*WHAT YOU SHOULD DO:* Would you give the listing again exactly, without its images?

*DATA BLOCK:*
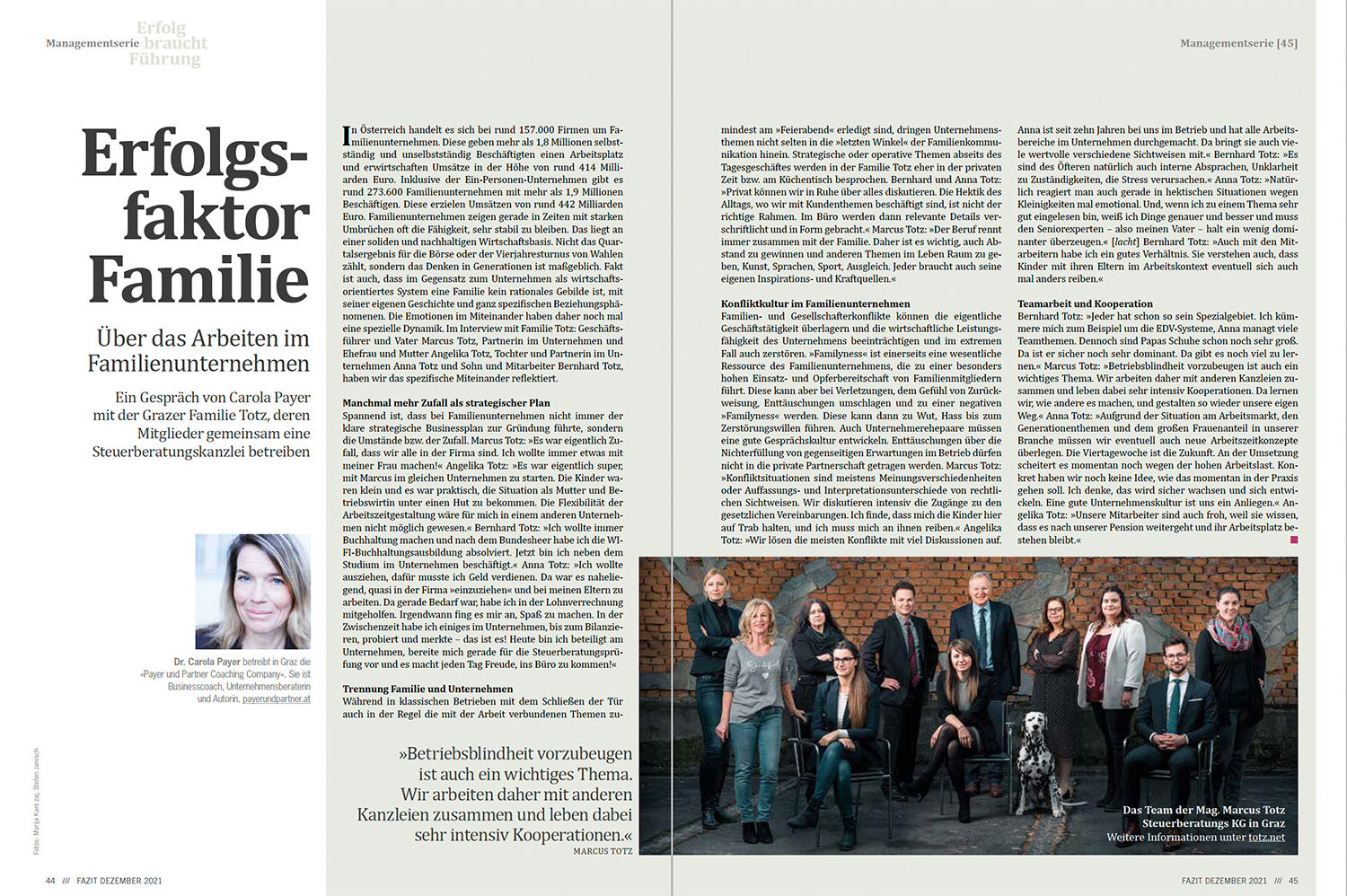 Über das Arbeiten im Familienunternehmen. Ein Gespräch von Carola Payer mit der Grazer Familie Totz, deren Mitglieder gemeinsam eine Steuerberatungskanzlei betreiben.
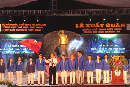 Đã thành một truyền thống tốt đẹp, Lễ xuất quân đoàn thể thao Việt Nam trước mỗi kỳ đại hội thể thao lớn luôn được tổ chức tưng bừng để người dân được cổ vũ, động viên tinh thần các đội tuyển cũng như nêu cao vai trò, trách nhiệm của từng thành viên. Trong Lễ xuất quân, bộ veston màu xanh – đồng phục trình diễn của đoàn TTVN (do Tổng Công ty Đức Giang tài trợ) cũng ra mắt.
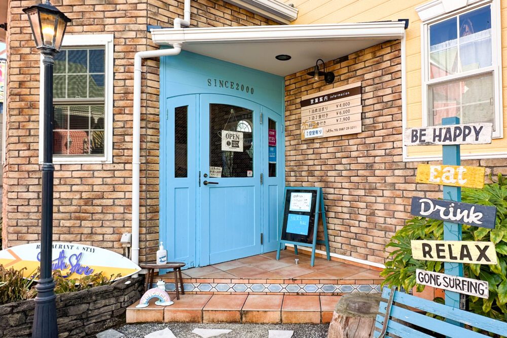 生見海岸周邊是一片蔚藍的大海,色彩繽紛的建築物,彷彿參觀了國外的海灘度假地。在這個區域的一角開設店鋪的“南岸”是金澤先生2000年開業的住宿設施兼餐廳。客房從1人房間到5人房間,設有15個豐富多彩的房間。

*REPLY:*
 Über das Arbeiten im Familienunternehmen. Ein Gespräch von Carola Payer mit der Grazer Familie Totz, deren Mitglieder gemeinsam eine Steuerberatungskanzlei betreiben.
 Đã thành một truyền thống tốt đẹp, Lễ xuất quân đoàn thể thao Việt Nam trước mỗi kỳ đại hội thể thao lớn luôn được tổ chức tưng bừng để người dân được cổ vũ, động viên tinh thần các đội tuyển cũng như nêu cao vai trò, trách nhiệm của từng thành viên. Trong Lễ xuất quân, bộ veston màu xanh – đồng phục trình diễn của đoàn TTVN (do Tổng Công ty Đức Giang tài trợ) cũng ra mắt.
 生見海岸周邊是一片蔚藍的大海,色彩繽紛的建築物,彷彿參觀了國外的海灘度假地。在這個區域的一角開設店鋪的“南岸”是金澤先生2000年開業的住宿設施兼餐廳。客房從1人房間到5人房間,設有15個豐富多彩的房間。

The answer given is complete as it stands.